An campaign announced by the hacking group Anonymous directed against the Internet's core address lookup system is unlikely to cause much damage, according to one security expert.
In a warning on Pastebin, Anonymous said last Thursday it would launch an action on 31 March as part of "Operation Global Blackout" that would target the root Domain Name System (DNS) servers.
Anonymous said the attack has been planned as a protest against "our irresponsible leaders and the beloved bankers who are starving the world for their own selfish needs out of sheer sadistic fun".
The DNS translates a Web site name, such as www.idg.com, into a numerical IP (Internet Protocol) address, which is used by computers to find the Web site.
The 13 authoritative root servers contain the master list of where other nameservers can look up an IP address for a domain name within a certain top-level domain such as ".com."
The group said it had built a "Reflective DNS Amplification DDOS" (distributed denial-of-service) tool, which causes other DNS servers to overwhelm those root servers with lots of traffic, according to the Pastebin post.
But there are several factors working against the Anonymous campaigners, wrote Robert Graham, CEO of Errata Security.
"They might affect a few of the root DNS servers, but it's unlikely they could take all of them down, at least for any period of time," Graham wrote. "On the day of their planned Global Blackout, it's doubtful many people would notice."
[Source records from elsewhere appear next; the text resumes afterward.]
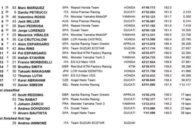 Saking banyak pembalap depan berjatuhan, otomatis Marc Marquez begitu bebas melenggang di depan. Pembalap bernomor 93 ini sama sekali tak tersentuh. Bahkan oleh Petrucci yang ngotot banget pengen ngejar si Marc. Tapi gak apalah, gak bisa ngejar paling gak si doi bisa mengcopy style Marquez 😁. Ini yang ngomong Petrucci sendiri loh.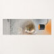 Este tapete de ioga tem uma lâmpada e um leão pintados nela.
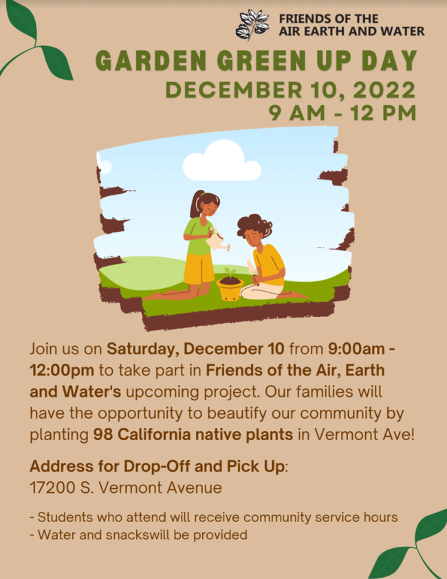 Join us on Saturday, December 10 for our Garden Green Up Day in collaboration with Friends of the Air, Earth and Water. Our families will beautify our community by planting 98 California native plants in Vermont Ave! Address: 17200 S. Vermont Ave.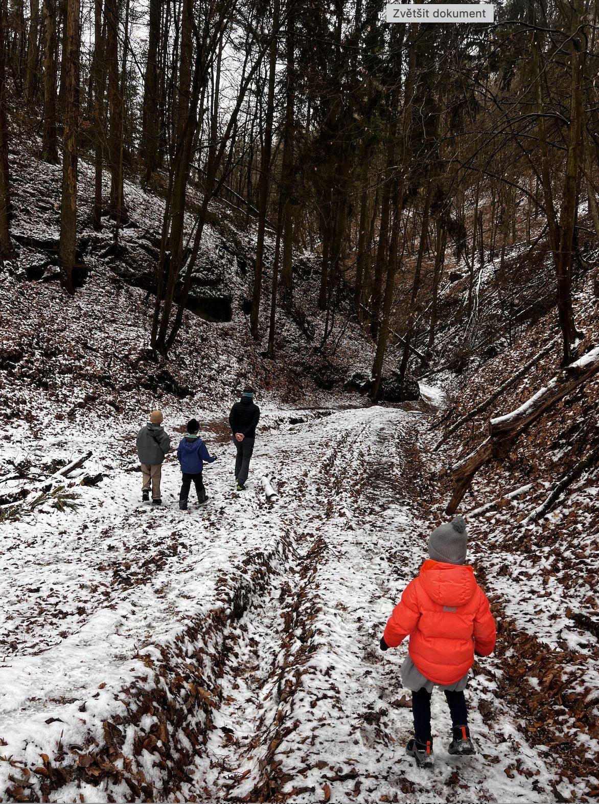 Celý víkend měl propršet. Jen sobotní odpoledne vypadalo nadějně a po dlouhých mrazech se mělo konečně oteplit. Původní návrhy na lezeckou stěnu nebo kino utnul otec větou: „Půjde se na výlet.“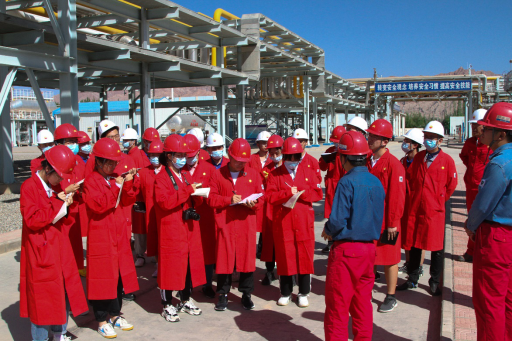 后续的日子里,在油田单位的安排下,同学们前往塔里木油田英买油气开发部、迪那油气开发部开展现场实践学习,每天与石油工人同吃同住,现场感受油田工作内容。先后参观了英买油气开发部的文化长廊、实地调研英买处理站、参加了英买油气开发部工作人员与长江大学师生座谈会、参观学习英古1-3井、英买2-12-4井、英买2-15-C井、实地调研迪那处理站、参观学习迪那2-1集气站、DN2-2井。通过现场观摩、座谈会交流,让实践队员们更深刻体会到建党百年塔里木油田之巨变,切身体悟“塔里木石油精神”的深远历史影响和重要现实意义,认识到石油人的初心与使命以及“石油精神”的生机活力、与时俱进。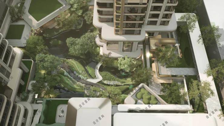 此外,抬板设计与下沉式庭院、挑空露台、空中廊桥、屋顶绿化等元素相结合,可以塑造层次更丰富的立体园林系统,营造出如森林溪谷般的城市山林景观。

Although there are 13 root servers, an attack on one would not affect the other 12, Graham wrote. Additionally, an attack would be less successful due to "anycasting," which allows traffic for a root server to be redirected to another server containing a replica of the same data.
There are hundreds of other servers worldwide that hold the same data as the root servers, which increase the resiliency of DNS.
ISPs also tend to cache DNS data for a while, Graham wrote. ISPs may cache data for a day or two before needing to do a fresh lookup, a time period that can be set on servers known as "time-to-live." It means that even if a root server was down, it would not necessarily immediately affect an ISP's customers.
Lastly, root DNS servers are closely watched. If trouble started, the malicious traffic to the root servers would likely be blocked, with disruptions lasting a few minutes, Graham wrote.
"Within minutes of something twitching, hundreds of Internet experts will converge to solve the problem," he wrote.